-- What you are asked to do --
Repeat the records below exactly from the line containing "Skillbox показывает всплывающую" to the line containing "Campionato italiano di", taking in both of those lines. Drop the pictures.
┏━━
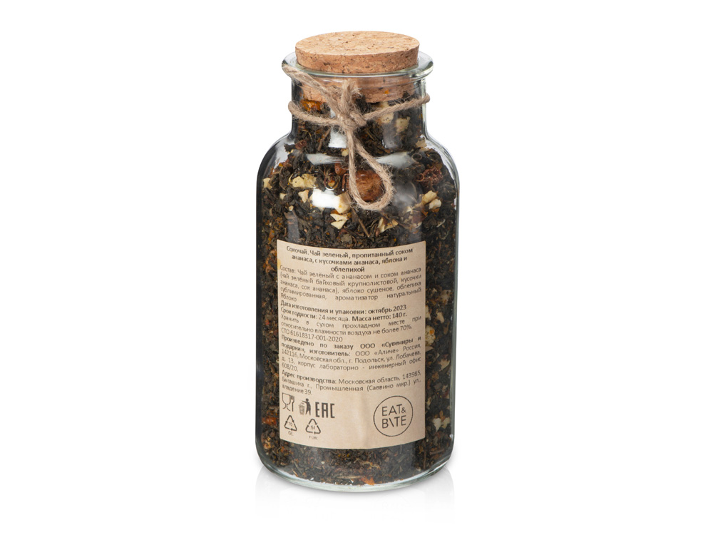 Состав: чай зелёный с ананасом и соком ананаса (чай зелёный байховый крупнолистовой, кусочки ананаса, сок ананаса), яблоко сушеное, облепиха сублимированная, ароматизатор натуральный Яблоко.
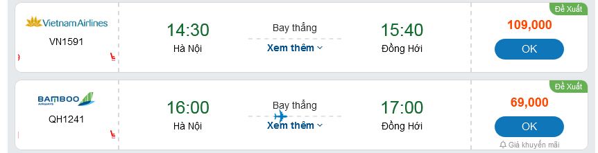 Giá vé máy bay Hà Nội đi Quảng Bình
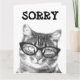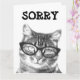 Desculpe saudar o cartão com o gato na imagem de óculos. Adicione sua própria mensagem de desculpas. Cartão grande com foto de animal.
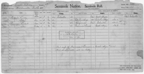 Keywords: Enrollment for Seminole Census Card 541 - NARA - 268115.jpg Scope and content Name Hammond Bruner Type Parent Sex Male City of Residence Creek Name Ida Bruner Type By Blood Age 4 Sex Female Degree Indian Blood 3/8 Roll Number 1746 City of Residence e Name Kissie Bruner Type By Blood Age 26 Sex Female Degree Indian Blood 3/4 Roll Number 1745 City of Residence e Name Chofulwa Type Parent Sex Male City of Residence e Name Echo Emarthoge Type Parent Sex Male City of Residence ee Name Billy Harjo Type By Blood Age 10 Sex Male Degree Indian Blood 3/4 Roll Number 1744 City of Residence e Name Lucy Harjo Type By Blood Age 41 Sex Female Degree Indian Blood 1/2 Roll Number 1743 City of Residence e General notes 268115 Local identifier 75-53A-SEMINOLE 541 Department of the Interior Office of Indian Affairs Office of the Commissioner to the Five Civilized Tribes 1893 - 1914 NARA's Southwest Region Fort Worth NRFA 1400 John Burgess Drive Fort Worth TX 76140 Record group Record Group 75 Records of the Bureau of Indian Affairs 1793 - 1999 Record group ARC 404 Enrollment Cards compiled 1898 - 1914 Series ARC 251747 File unit File unit ARC Variant control numbers NAIL Control Number NRFF-75-53A-26145<br /> NAIL Control Number NRFF-75-53A-26154<br /> NAIL Control Number NRFF-75-53A-26212<br /> NAIL Control Number NRFF-75-53A-27969<br /> NAIL Control Number NRFF-75-53A-30979<br /> NAIL Control Number NRFF-75-53A-34128<br /> NAIL Control Number NRFF-75-53A-34663<br /> NAIL Control Number NRFF-75-53A-SEMINOLE 541 Other versions <gallery> File Enrollment_for_Seminole_Census_Card_541_-_NARA_-_268115 tif tif File Enrollment_for_Seminole_Census_Card_541_-_NARA_-_268115 jpg jpg </gallery> NARA-cooperation PD-USGov Seminole census cards |
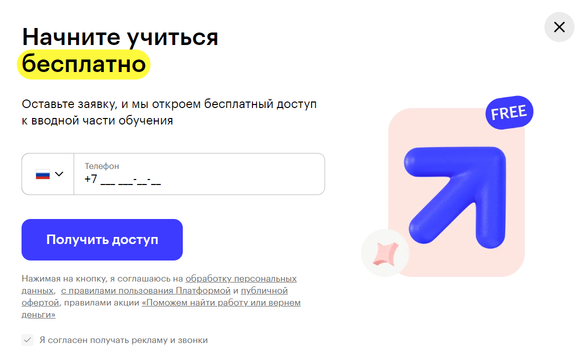 Skillbox показывает всплывающую форму регистрации с приятным предложением взамен на контакты.
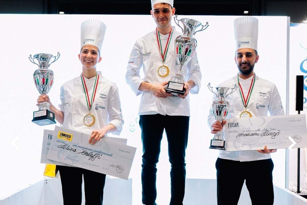 Campionato italiano di pasticceria, il podio: Molinaro al centro tra Caleffi (seconda) e Longo (terzo)
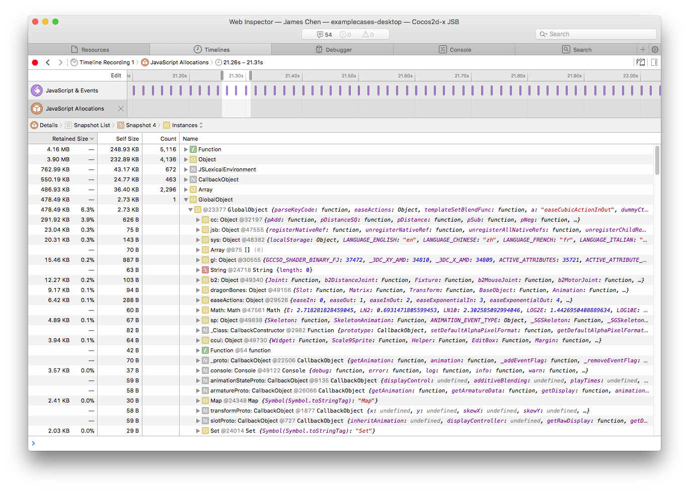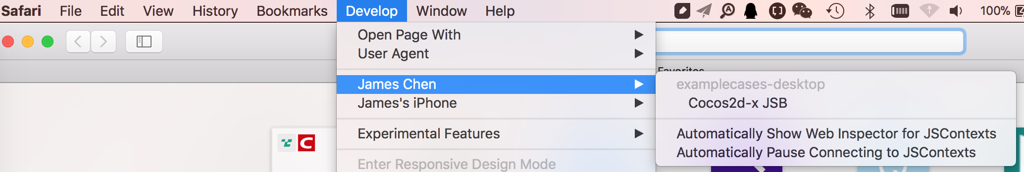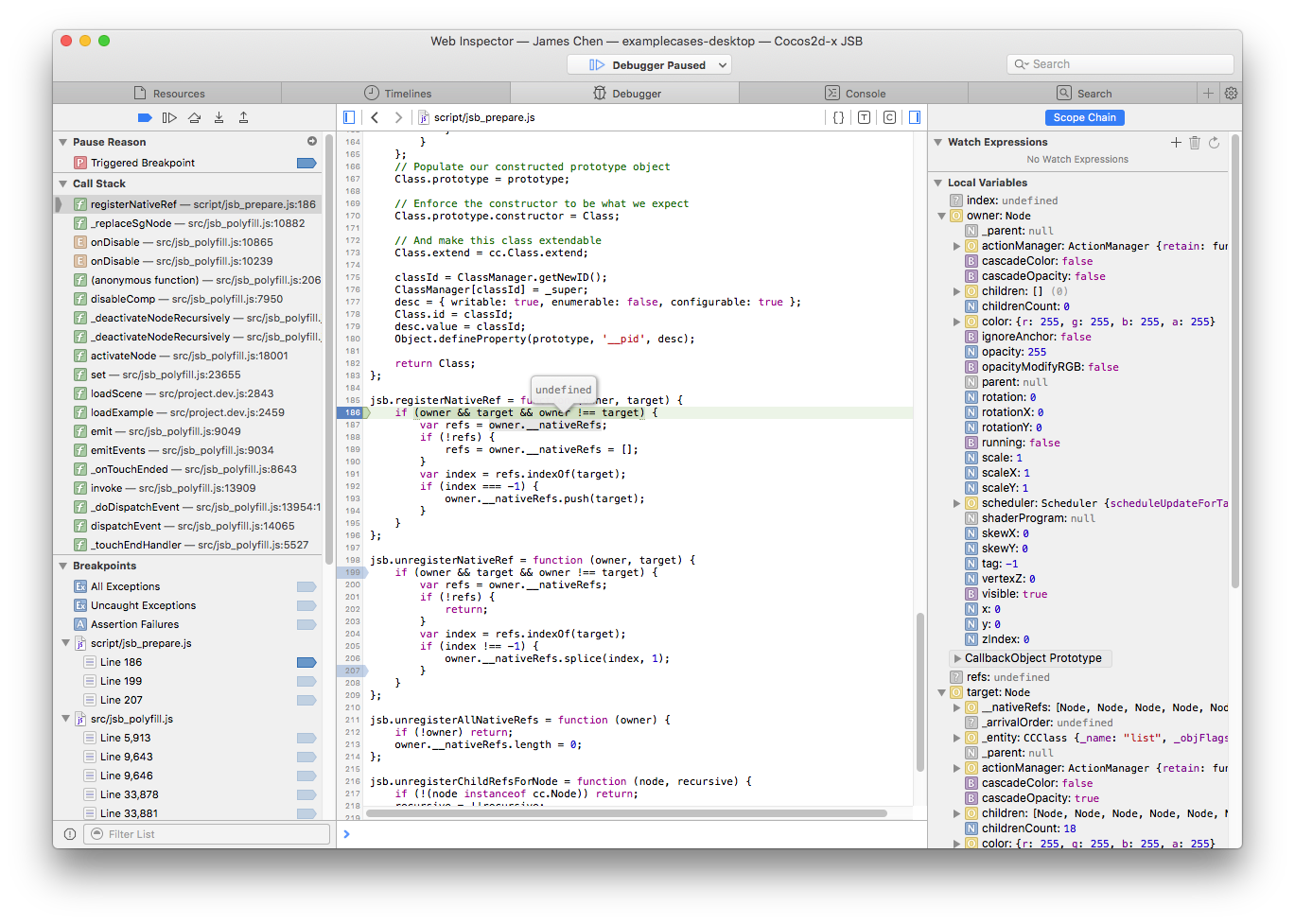 - Click Safari menu, select Develop -> your Mac device name -> Cocos2d-x JSB will automatically open the Web Inspector page, and then you can set breakpoints, Timeline profile, console and other operations.
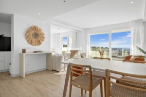 The living area opens seamlessly onto a generous 25 m² terrace, creating a perfect balance between indoor and outdoor living. An inviting space to relax, dine or simply enjoy the Mediterranean climate all year round.
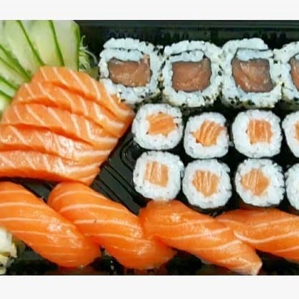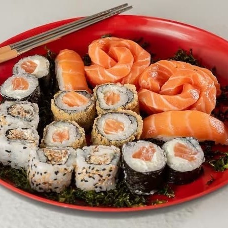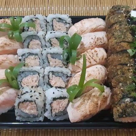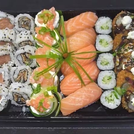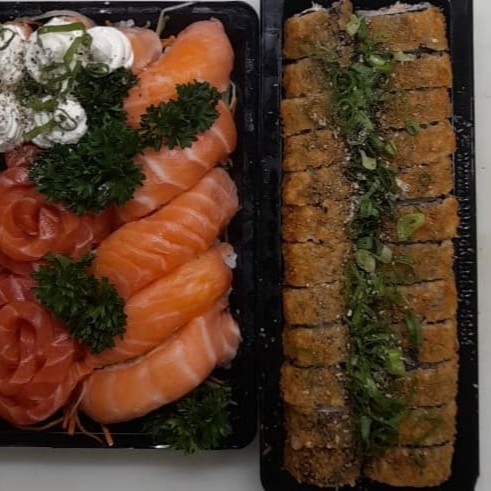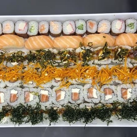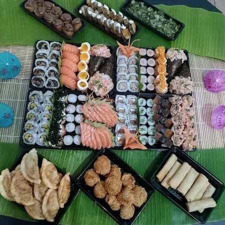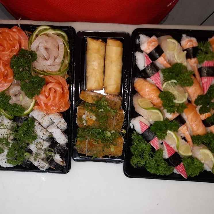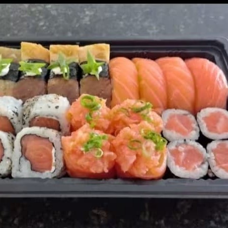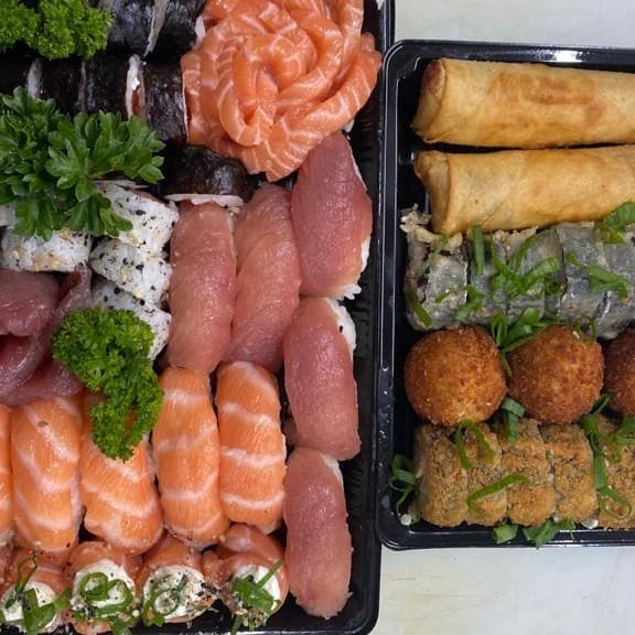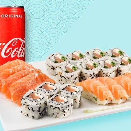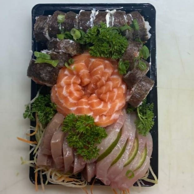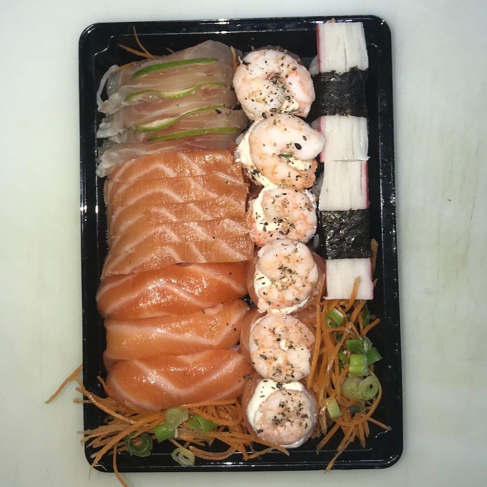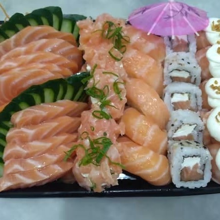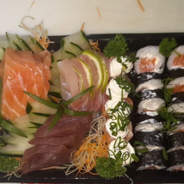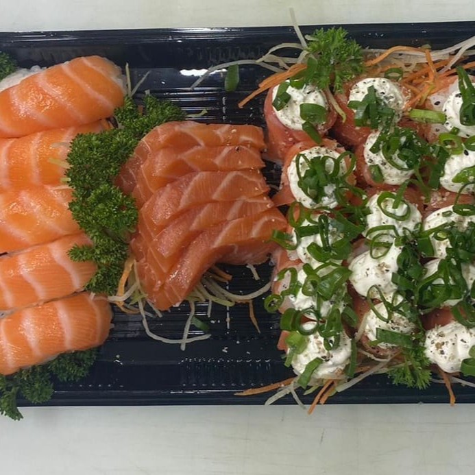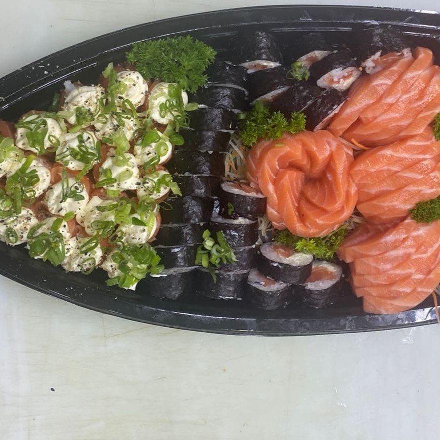 10 Sashimis Salmão, 5 Sashimis Peixe Branco, 5 Sashimis Atum, 12 Philadelfia Salmão, 12 urmaki Salmão
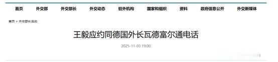 11月3号晚上,王外长“应约”和德国外长瓦德富尔通了电话。在他的访华行程被迫取消
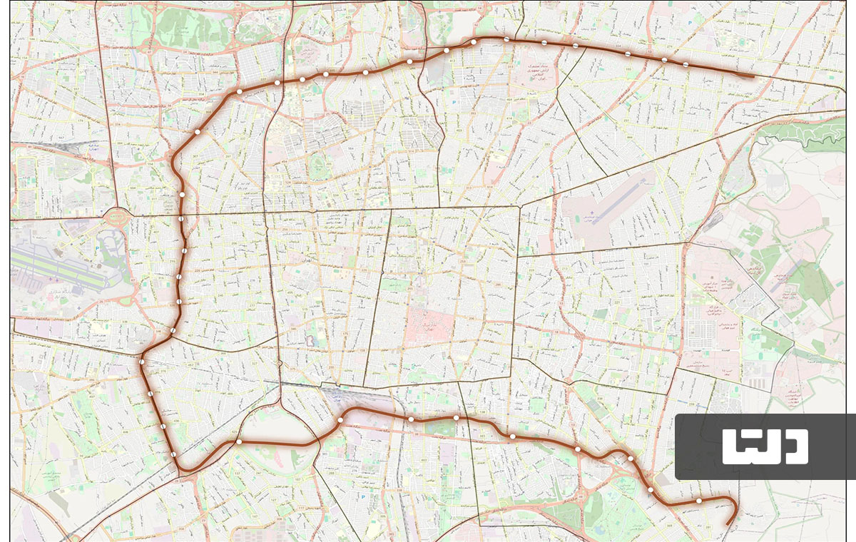 این خط از میان محلهها و مناطق پرجمعیت تهران عبور میکند و ایستگاههای متعددی در نقاط کلیدی دارد:
┗━━
-- Answer area --
 Skillbox показывает всплывающую форму регистрации с приятным предложением взамен на контакты.
 Campionato italiano di pasticceria, il podio: Molinaro al centro tra Caleffi (seconda) e Longo (terzo)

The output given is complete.